Apologies dear reader, this is a long post. It’s worth reading, though, we promise!
With few exceptions (like this weak WSJ column), the folks defending Exxon from RICO accusations focus their attention on the free speech argument and avoid the tobacco comparison. But now one of their own, Dr. James Enstrom, has provided a painfully clear connection between the beleaguered industries.
The Daily Caller carries the news that the Energy & Environment Legal Institute’s (EELI) latest attempt to waste its (probably coal) funders' money is a lawsuit against the EPA, claiming an independent review panel for air quality regulations isn’t actually independent. Their reason is that members of the panel have received funding from the EPA for past studies.
Obviously, that’s ridiculous, since public and private funding are vastly different in terms of conflict of interest.
So what does a real conflict of interest look like? For a prime example, look no further than the plaintiffs EELI is representing: The Western States Trucking Association (WSTA) and Dr. James Enstrom.
[Continued after the jump!]
Now, the WSTA has a legitimate stake here, as the regulation in question deals with particulate matter emissions from trucks, so the organization's members would face a cost to upgrade their trucks to meet stricter EPA standards. Fine.
But who is Dr. James Enstrom? Oh, he's just your run of the mill epidemiologist who took funding from tobacco giant Philip Morris and produced a study in 2003 downplaying the connection between second-hand smoke and cancer. Enstrom was such a pivotal player in the pro-smoking propaganda that when the Department of Justice wrapped up its successful RICO case against the tobacco industry, it dedicated an entire chapter to Enstrom—one of just three researchers to receive such a distinction. (H/T DeSmog)

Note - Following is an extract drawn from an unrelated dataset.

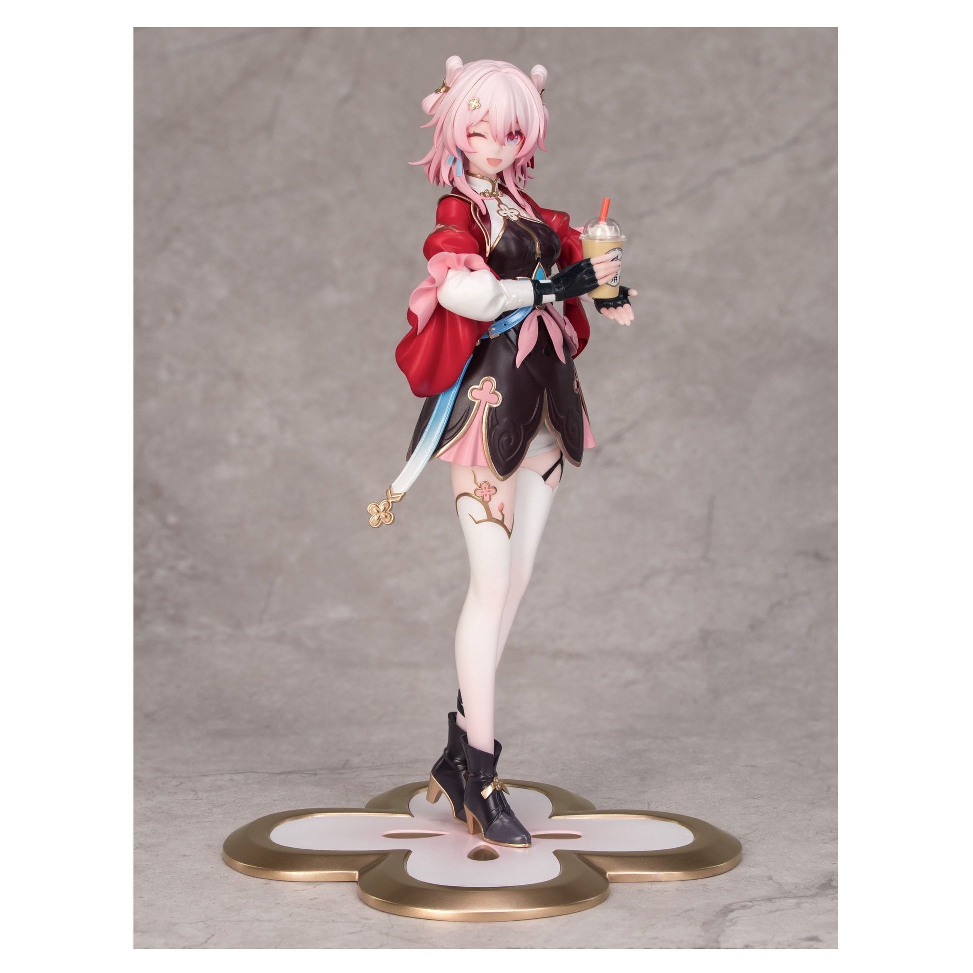 This collectible captures March 7th's lively tea-serving pose taking from her skill animation. She bends one knee slightly, embodying the swift and daring energy of the Hunt Path. The figure comes with interchangeable faceplates featuring her signature wink and radiant smile! The ribbons cascade around her celestial attire, and lift naturally with the wind - every detail thrums with the cosmic energy of the Trailblaze journey.

A search of his name in the Tobacco Industry Documents database returns over 500,000 results. An LA Times article notes that Enstrom became “Exhibit A” in the fight between the tobacco industry and anti-smoking activists, a prime example of how the tobacco industry funded friendly studies for PR and lobbying purposes.

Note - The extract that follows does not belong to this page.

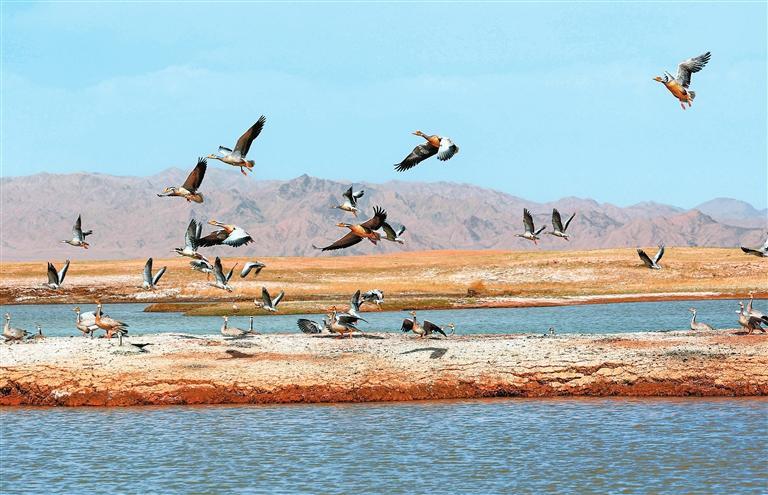近年來,經(jīng)過當(dāng)?shù)赜嘘P(guān)部門和甘肅鹽池灣國家級(jí)自然保護(hù)區(qū)的有效治理和保護(hù),野生動(dòng)物種群逐漸增多。每年遷徙至此繁衍生息的鳥類種群和數(shù)量不斷增加,時(shí)常上演萬鳥翔集的壯觀場(chǎng)景,勾勒出一幅和諧壯美的大自然畫卷。

Since then, Dr. Enstrom has turned his attention to other epidemiology questions, namely the dangers from particulate matter. And who funded his work? None other than an electric utility group, which used his study to argue against stricter PM standards that would force utilities to reduce the pollution from coal plants.
So even as the fossil fuel industry fights off RICO accusations and denies the tobacco parallels, its surrogate EELI is fighting to give “Exhibit A” from the tobacco corruption case a chance to use his industry-funded science to shape the EPA’s regulations.
Though connecting the dots between tobacco corruption and fossil fuels looks like a colossal own-goal, maybe EELI isn’t as foolish as this makes them seem. After all, if the fossil fuel industry needs to defend itself from a RICO suit like the tobacco industry did, surely EELI will offer their services?